Before that, I will do another run on the best model just to test the idea of saving preprocessor (DictVectorizer) in separate folder, since it isn't saved using `autolog()`. 

Also, all the preprocessing part will be saved to `preprocessing.py` such that I can declutter this notebook and focus on parts dealing with MLFlow only. I know it is never done this way, but this notebook servers as POC not as a production level code. 

In [2]:
#To access the scope of preprocessing.py
%run preprocessing.py

In [13]:
import mlflow
import pickle
import xgboost as xgb

mlflow.set_tracking_uri("sqlite:///mlflow.db")
mlflow.set_experiment("credit-risk-scoring")

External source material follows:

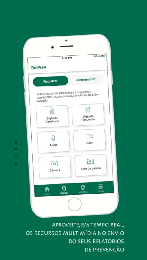 Nele, os clientes e colaboradores poderão realizar o Relprev direto do celular com mais agilidade, praticidade e com recursos mais avançados para inclusão de multimídias, como áudios, vídeos e fotos.

<Experiment: artifact_location='/Users/goceovoono/Desktop/programming-stuff/mlz-latest/week-6/mlops-part/mlruns/1', creation_time=1702676022413, experiment_id='1', last_update_time=1702676022413, lifecycle_stage='active', name='credit-risk-scoring', tags={}>

In [15]:
best_params = {'learning_rate': 0.057786841452234214,
               'max_depth': 5.0,
               'min_child_weight': 11.353071298640767,
               'reg_alpha': 0.008039345251325283,
               'reg_lambda': 0.003694981097974786}

In [20]:
with mlflow.start_run():
        
    
        booster = xgb.XGBClassifier(
            max_depth=int(best_params['max_depth']),
            learning_rate=best_params['learning_rate'],
            reg_alpha=best_params['reg_alpha'],
            reg_lambda=best_params['reg_lambda'],
            min_child_weight=best_params['min_child_weight'],
            objective='binary:logistic',
            eval_metric='auc',
            seed=RANDOM_STATE,
            n_estimators=1000,
            early_stopping_rounds=50
        )
        
        #Pickling the DictVectorizer
        with open("./models/preprocessor.bin", "wb") as f_out:
            pickle.dump(dv, f_out)
        
        mlflow.autolog()
        
        
        booster.fit(X_train, y_train,
                    eval_set=[(X_valid, y_val)]
                    )
        
        y_pred = booster.predict_proba(X_valid)[:, 1]
        roc_auc = roc_auc_score(y_val, y_pred)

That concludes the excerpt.